**** Dataset excerpt
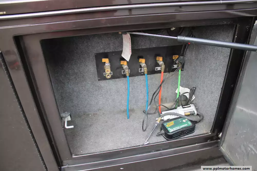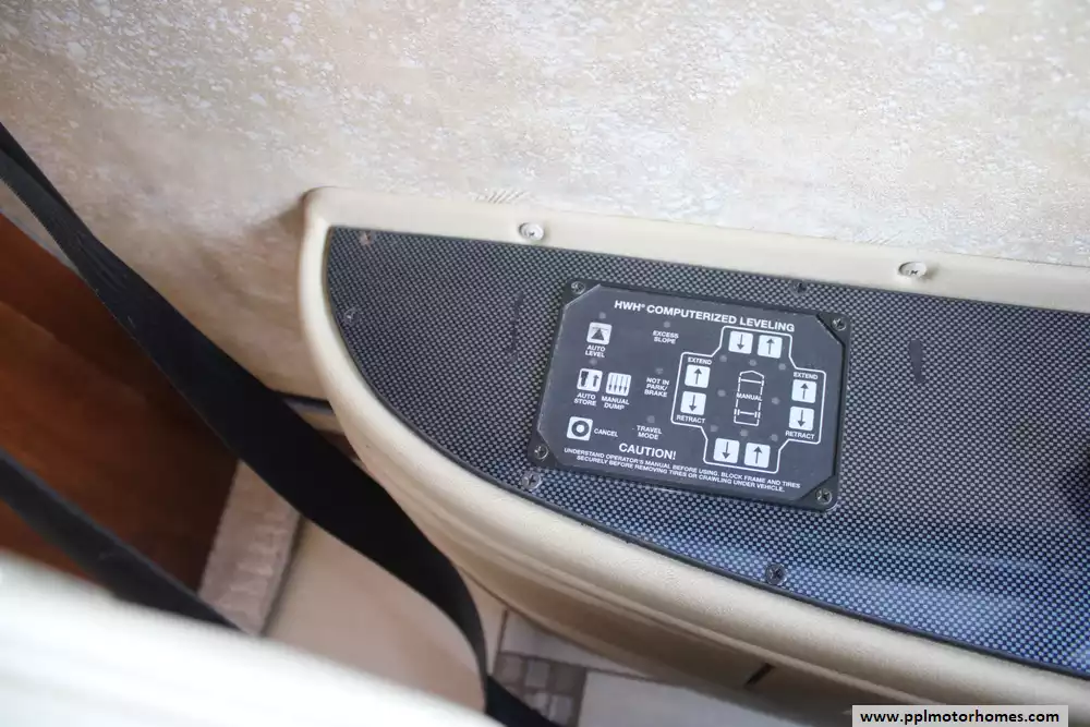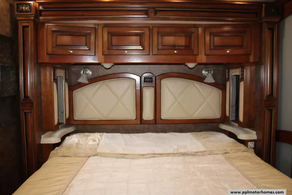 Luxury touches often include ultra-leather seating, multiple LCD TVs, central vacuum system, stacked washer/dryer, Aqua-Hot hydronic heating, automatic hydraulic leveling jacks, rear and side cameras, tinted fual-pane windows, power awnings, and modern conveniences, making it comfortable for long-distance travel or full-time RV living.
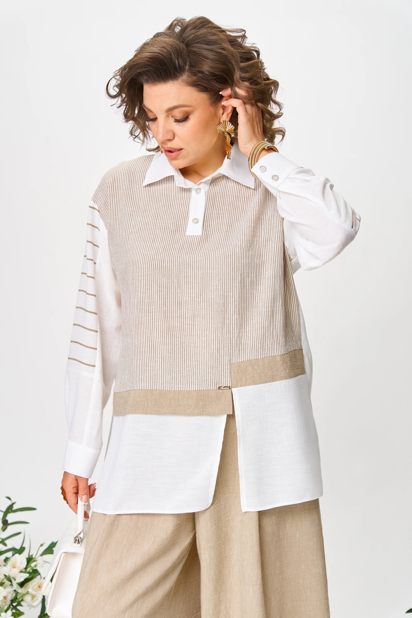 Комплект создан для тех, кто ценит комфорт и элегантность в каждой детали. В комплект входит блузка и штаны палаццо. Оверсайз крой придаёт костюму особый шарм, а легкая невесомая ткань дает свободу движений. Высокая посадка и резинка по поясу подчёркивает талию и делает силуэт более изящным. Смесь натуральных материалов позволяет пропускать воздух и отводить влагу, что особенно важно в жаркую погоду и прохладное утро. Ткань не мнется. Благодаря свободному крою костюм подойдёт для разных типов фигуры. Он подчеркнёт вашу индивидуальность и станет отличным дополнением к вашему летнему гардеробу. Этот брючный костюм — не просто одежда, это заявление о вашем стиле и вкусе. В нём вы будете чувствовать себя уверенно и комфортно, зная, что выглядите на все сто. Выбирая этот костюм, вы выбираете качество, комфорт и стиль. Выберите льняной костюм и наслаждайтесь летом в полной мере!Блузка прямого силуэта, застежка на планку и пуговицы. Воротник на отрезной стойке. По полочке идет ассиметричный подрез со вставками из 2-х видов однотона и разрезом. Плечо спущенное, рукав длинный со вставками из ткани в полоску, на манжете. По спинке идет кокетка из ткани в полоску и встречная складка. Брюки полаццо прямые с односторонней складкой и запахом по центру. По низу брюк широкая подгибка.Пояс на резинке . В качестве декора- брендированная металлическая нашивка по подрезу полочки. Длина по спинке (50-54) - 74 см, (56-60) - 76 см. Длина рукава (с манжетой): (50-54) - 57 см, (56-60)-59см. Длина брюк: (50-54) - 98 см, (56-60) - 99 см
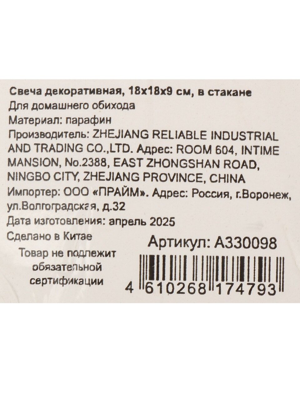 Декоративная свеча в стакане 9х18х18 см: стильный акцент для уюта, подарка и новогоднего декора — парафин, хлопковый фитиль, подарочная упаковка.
********
* Your task
Give the data again exactly. Keep the images out.

* Response area
 Luxury touches often include ultra-leather seating, multiple LCD TVs, central vacuum system, stacked washer/dryer, Aqua-Hot hydronic heating, automatic hydraulic leveling jacks, rear and side cameras, tinted fual-pane windows, power awnings, and modern conveniences, making it comfortable for long-distance travel or full-time RV living.
 Комплект создан для тех, кто ценит комфорт и элегантность в каждой детали. В комплект входит блузка и штаны палаццо. Оверсайз крой придаёт костюму особый шарм, а легкая невесомая ткань дает свободу движений. Высокая посадка и резинка по поясу подчёркивает талию и делает силуэт более изящным. Смесь натуральных материалов позволяет пропускать воздух и отводить влагу, что особенно важно в жаркую погоду и прохладное утро. Ткань не мнется. Благодаря свободному крою костюм подойдёт для разных типов фигуры. Он подчеркнёт вашу индивидуальность и станет отличным дополнением к вашему летнему гардеробу. Этот брючный костюм — не просто одежда, это заявление о вашем стиле и вкусе. В нём вы будете чувствовать себя уверенно и комфортно, зная, что выглядите на все сто. Выбирая этот костюм, вы выбираете качество, комфорт и стиль. Выберите льняной костюм и наслаждайтесь летом в полной мере!Блузка прямого силуэта, застежка на планку и пуговицы. Воротник на отрезной стойке. По полочке идет ассиметричный подрез со вставками из 2-х видов однотона и разрезом. Плечо спущенное, рукав длинный со вставками из ткани в полоску, на манжете. По спинке идет кокетка из ткани в полоску и встречная складка. Брюки полаццо прямые с односторонней складкой и запахом по центру. По низу брюк широкая подгибка.Пояс на резинке . В качестве декора- брендированная металлическая нашивка по подрезу полочки. Длина по спинке (50-54) - 74 см, (56-60) - 76 см. Длина рукава (с манжетой): (50-54) - 57 см, (56-60)-59см. Длина брюк: (50-54) - 98 см, (56-60) - 99 см
 Декоративная свеча в стакане 9х18х18 см: стильный акцент для уюта, подарка и новогоднего декора — парафин, хлопковый фитиль, подарочная упаковка.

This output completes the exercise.